Ten minutes later the girl was surprised by a light that came on, showing a small creature in an adjoining room. As soon as the creature saw the human, it jumped up and down with excitement. A nod from the doctor and the force field was let down, allowing it into the lab room. It jumped into her arms, both of them obviously loving the moment.
“We’ve done it!” said the doctor. “We’ve broken the repetition! Turn on that noise we found playing aboard her spaceship.”
The girl started humming along with the music as someone sang, “something shimmering and white. That leads you here, despite your destination.” The girl’s lips thinned, producing a form of grimace on her facial features.
“What is the human doing with her mouth?” asked the doctor.
“The spaceship records call it a ‘smile’.”
“Under the Milky Way tonight,” played the song on the console.
“Where am I?” whispered the girl, looking around her.
“You’re safe aboard a starship bound for Droagor.”

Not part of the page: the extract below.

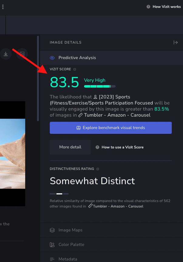 Note: This article explains how to view the score for a single image. You can also download Vizit scores for all images in a folder or project, or use the Compare feature to view multiple scores side-by-side, for up to 10 project images.
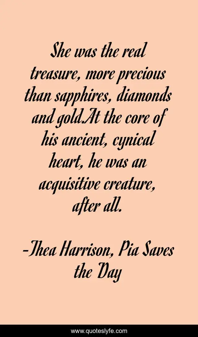 This page presents the quote "She was the real treasure, more precious than sapphires, diamonds and gold.At the core of his ancient, cynical heart, he was an acquisitive creature, after all.". Author of this quote is Thea Harrison, Pia Saves the Day. This quote is about romance, urban-fantasy, paranormal, dragons,.

The human calmed. “May I have a glass of water?” she asked.
“Yes, of course!” instructed the doctor, ecstatic, nodding for a glass of water to be sent into the room.
“My planet,” she said, calmly as if remembering. “I must save my species and this snuggly thing.”
“You just did!” replied the chief physician. “Of course it took the help of that small creature, that…that…“
“That dog…according to the reports,” added the lab assistant.
The doctor turned towards his helper joyfully and they hugged each other with a few of their tentacles. “Now we can clone the humans and clone the small creatures as well. We can bring humanity back from the brink of extinction. Truly, that thing she calls a dog has turned out to be mankind’s best friend, indeed.”
I wrote this for a contest, but also because I love my dog, Miss Dukes. She's a border collie and very smart.